Robotic voice is generally caused by a high rate of packet losses or discards due to excessive network jitter. The digital signal processing techniques featured in modern codecs, such as Opus, try to conceal these losses by inserting a predicted sample into the media stream. This produces the synthetic or robotic sounding voice experienced by the user.
Volume distortion is caused by incorrectly fixed volume levels or fluctuating volume levels. Symptoms include voices that are fluctuating, fuzzy, loud, muffled, soft or tinny. Typical causes are too much gain or attenuation applied to the signal.
In addition to these two broad categories, there is also the specific problem of one-way audio, which occurs when only one person can hear the other caller. This is caused by one side not transmitting data to the other (obviously!), or data is being blocked in one direction. A misconfigured enterprise firewall is often the cause of media blocking.
Video annoyances are observed by the user when the displayed signal is of poor quality. We divide these annoyances into three broad categories based on their symptoms.
Pixelated video is often caused by high packet loss rates. When this occurs, regions of the video feed where movement is being shown may appear to be blocky or pixelated.
Blurry or frozen video may be due to any of multiple causes, including sender problems, high packet loss rates on the network or excessive CPU load. In high CPU load conditions, the decoder drops received frames in order to ensure uninterrupted video playout. Blurry video can occur in multiple regions of the screen or across the entire picture. When video freezing occurs, the video playout stops, while audio usually continues.
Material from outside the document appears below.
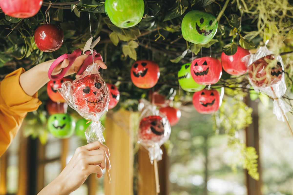また17~21時にはTAMARIBAの一角に、りんごジャック・オー・ランタン飴が吊るされた木の装飾が登場!まるでりんごを収穫するかのように、自分でりんごジャック・オー・ランタン飴の上部をハサミでカットして、1個650円で購入ができます。収穫したりんご飴を一口サイズにカットできるグッズもレンタルしているので、仲間とシェアすることもできます。

Video-audio synchronization, (a.k.a., lip sync error) is measured by the amount of time the audio departs from perfect synchronization with the video. We don’t have a specific recommended tolerance for synchronization in WebRTC applications, but the ITU-T, has published these recommendations for broadcasting applications, which provide a reasonable guidepost: Humans perceive desynchronization if audio lags behind the video by more than 125ms or is ahead of it by more than 45ms.
In WebRTC, each media frame (sample) is assigned a timestamp and each media stream (voice and video) is independently sampled at different clock rates. It is the responsibility of the receiver device to synchronize these streams for playback. The synchronization is done using RTP Control Protocol (RTCP) Sender Reports (SR), which provide a mapping from a stream timestamp to a global Network Time Protocol (NTP) timestamp. The lack of synchronization between video and audio is usually caused by missing RTCP SR packets, wrong information contained inside them or erroneous processing logic.
Cues Point to the Root Cause of QoE Problems
While WebRTC communications services are inherently complex, we can troubleshoot many problems by isolating them to a particular system - network, infrastructure, or endpoint. In particular, problems in the media pipeline manifest themselves with specific types of annoyances that provide a troubleshooting cue. Using these cues, we can further investigate and identify the root cause of a QoE problem. More on this in future articles!